Phase 2: Download the Model

The model is hosted on Hugging Face by YTan2000, who maintains the TurboQuant-quantized builds. The hf CLI handles the download and creates the target directory if it does not exist.

2.1 Download 35B MoE (12.4 GB)

cmd

hf download YTan2000/Qwen3.6-35B-A3B-TQ3_4S Qwen3.6-35B-A3B-TQ3_4S.gguf --local-dir G:\qwen-local\models\qwen3.6-35b

cmd

hf download YTan2000/Qwen3.6-35B-A3B-TQ3_4S mmproj-BF16.gguf --local-dir G:\qwen-local\models\qwen3.6-35b

The mmproj file adds vision support. It is small. Grab it now.


Phase 3: Tuning the KV Cache

This is the part most guides skip. It determines whether the setup actually works.

Every token you send the model gets stored in the KV cache. The K and V stand for keys and values: the two tensors the attention mechanism produces for each token and holds in memory so it can relate new tokens to everything that came before. They grow with every token you add. At 262K tokens, they would normally be large. But because the 35B MoE only has 10 attention layers out of 40 total, the cache stays remarkably small. At q8_0/q8_0 and full 262K context, it uses only 2.7GB.

The -ctk and -ctv flags set the compression format for cached keys and cached values respectively. The option to set them differently exists because keys and values have different statistical properties. Keys are more sensitive to quantization than values.

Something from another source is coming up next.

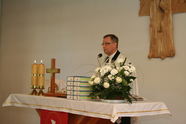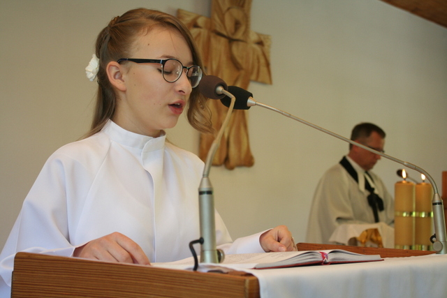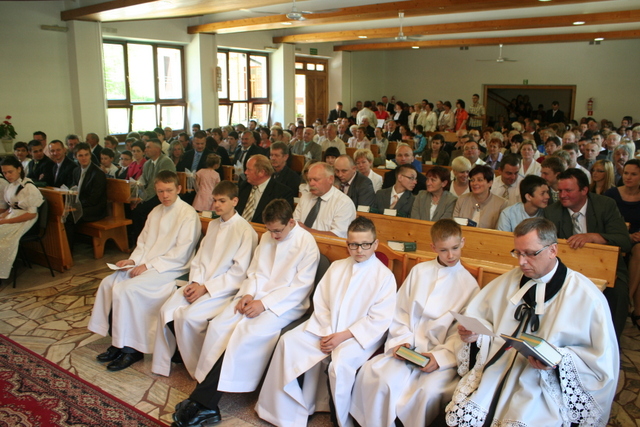 W trakcie niedzielnej uroczystości ks. Z. Sztwiertnia przywitał wszystkich zgromadzonych, następnie poprowadził liturgię i wygłosił kazanie. Mówił o tym, jak ważne jest, abyśmy swoim dzieciom dawali dobry przykład, wskazując na Pana Jezusa, mimo że przeżywamy nieraz chwile zwątpienia i rozczarowania, podobnie jak starotestamentowy Mojżesz. Wiedząc, że sam nie da sobie rady, ratunku szukał u swojego Pana.

But for this model, q8_0/q8_0 fits comfortably and is the recommended starting point.

KV Cache Options

SettingVRAM per 1K tokensQualitySpeedBest for
-ctk f16 -ctv f16~8 MBFullBaselineQuality-obsessed
-ctk q8_0 -ctv q8_0~4 MBNear-perfectFastDaily driver (recommended)
-ctk tq3_0 -ctv tq3_0~2.5 MBExcellentVery fastTurboQuant optimized
-ctk q4_0 -ctv q4_0~2 MBGoodFastMax context headroom

For the RTX 3090 with 35B MoE

Because the MoE KV cache is so compact, you have more headroom than you might expect:

GoalKV CacheExpected Max ContextNotes
Start hereq8_0262KFits with ~7GB headroom
Context-focusedtq3_0262K+Extra headroom for large repos
Maximum headroomq4_0262K+If you need breathing room

Start with q8_0. It is near-lossless and fits the full context window with room to spare on a 3090.


Phase 4: The Launch Script

A .bat file is a Windows batch script: a plain text file containing a sequence of commands that Windows runs in order when you double-click it. It is the Windows equivalent of a shell script. We use one here because starting the model server requires navigating to the right directory, activating the conda environment, and passing a specific set of flags to llama-server.exe. These are commands you would otherwise have to type correctly every time. The .bat file does all of that in one double-click and stays easy to edit when you want to change a setting.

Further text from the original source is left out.